In any case, I need some more help.

Lex

In case you still find this topic unsolved. The critical data for the case of a shared browser profile (I mean physically shared, like a shared folder containing the actual profile) is storage.js file inside the browser extension’s directory, keefox@chris.tomlinson in the case of FF. This cannot (!) be shared among different KeePassRPC clients. So, what you basically need is to “unshare” this folder (make a symbolik link – mklink /d for Windows – from another dir distinct to each system sharing the browser profile, e.g. from %AppData%\Mozilla\Extensions\keefox@chris.tomlinson to the original location inside the shared profile), and recompile the KeePassRPC plugin (disable and re-enable it again), so it regenerates its key which will be then unique for each of your systems you are using. Thus, you can separately authenticate Kee browser add-on on each system as a distinct client for KeePassRPC, each of them having a unique key. No more continuous reauthentication of the Kee browser extension (after you authenticate it once for every system in use). They just appear to be different clients. And yes, you can still use a shared Keepass database (or not, as you wish).

Hope this helps.

My best regards to all,

Michal

I am sorry but similar problem here:
FF 66.0.1
Kee 3.0.2
KeePassRPC 1.8
KeePass 2.41

First time after booting system and FF/Kee is started it reclaims reauthentication of the Kee browser extension. If done, next start of FF/Kee works without authentication. KeePassRPC adds new ‘Authorised clients’.

How to solve this issue?

Thx + regards!

Same problem here - mint linux 19
firefox and kee

  • keeps asking for reauthentication every time the network is restarted or browser or keepass restarted.

very frustrating.
thanks chris.

I did check it with new FF profile:
Same behaviour, after booting system and FF/Kee is started it reclaims reauthentication of the Kee browser extension.
Thx + regards.

Nothing has changed in Kee but I suspect you may be referring to some changes that Firefox made recently. I don’t know much about it because I’m only dealing with the WebExtensions API that Firefox offers to Kee but I have heard that Firefox now stores all WebExtensions settings in an IndexedDB database rather a JSON file (presumably this was the storage.js file that you mention).

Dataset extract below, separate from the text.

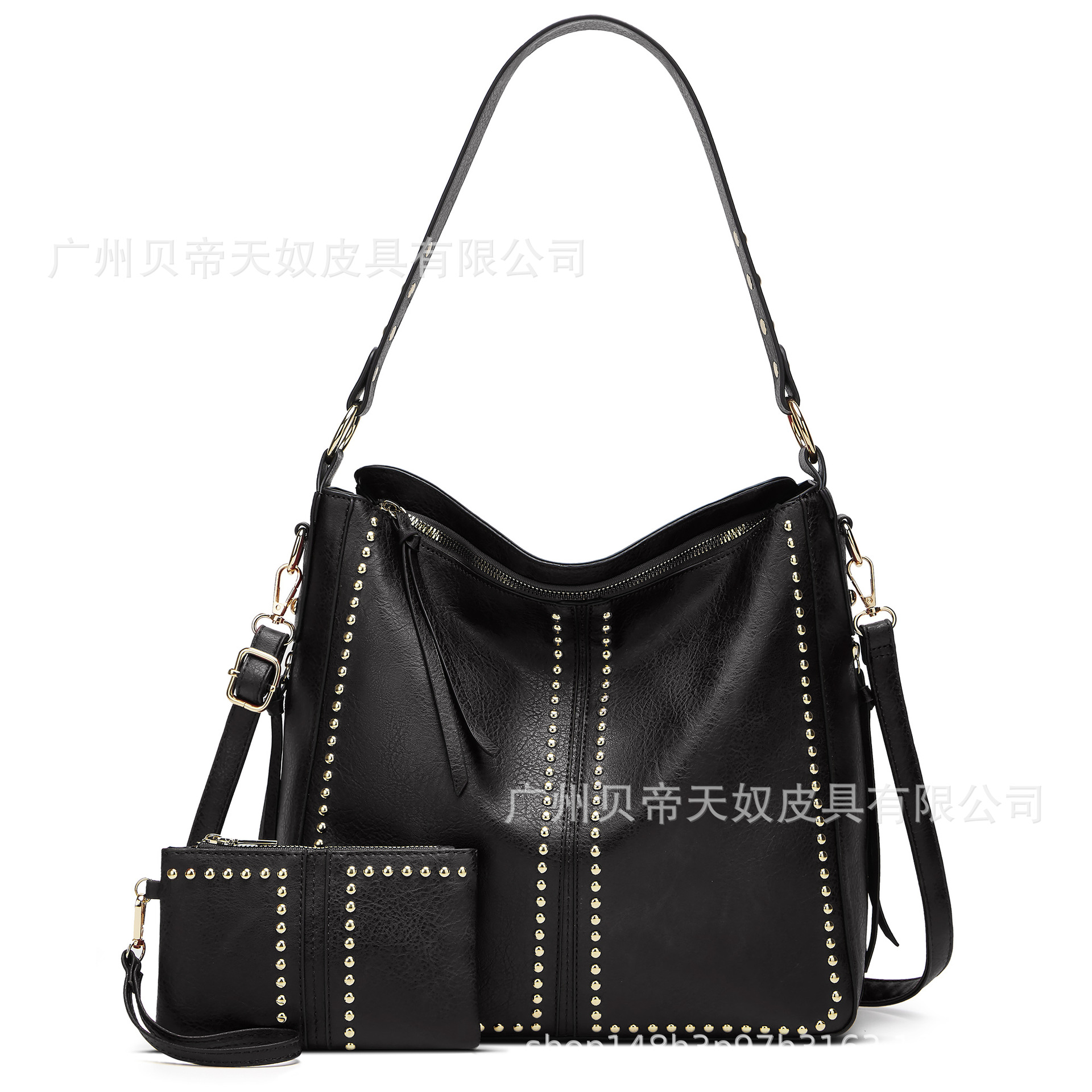 크로스보더 버튼 토트백 2025 봄 여름 신상 대용량 TOTE BAG 복고풍 유럽과 미국 스타일의 엄마와 딸 가방 재고 있음

If anyone finds out what this means for the workarounds previously discussed in this thread and can suggest next steps for anyone affected by that change I’m sure others following along would appreciate that.

(since I’m a new user, my posts are apparently limited to 3 only, so I had to reedit this one)

OK. Here’s a new workaround. Sorry it took me so long, but I really didn’t have much time to work on this.

So, now you have to “unshare” (use symlink for Linux or symlink/junction for Windows) the new folder, in which the newest versions of FF store your Kee add-on settings. That will be one of your_profile/storage/default/moz-extension+++* directories. Which one it actually is, you can easily guess e.g. running your FF and going to Kee add-on options (look at the URL). This is the folder to unshare (you have to unshare that whole folder, not the idb/ one inside!) for every operating system you shall use.

And now comes the tricky part. Inside the unshared directory, you will find idb/3647222921wleabcEoxlt-eengsairo.sqlite SQLite database which stores the add-on id (and its key), as registered with KeePassRPC plugin. Never mind the key (at least for our workaroud), but the id must be different for each and every particular instance of Kee (for each operating system). Well, you have to change it (changing even one byte should be enough). As a result, each Kee will register with KeePassRPC using a different id.

Well, it worked for me, that’s all I can guarantee.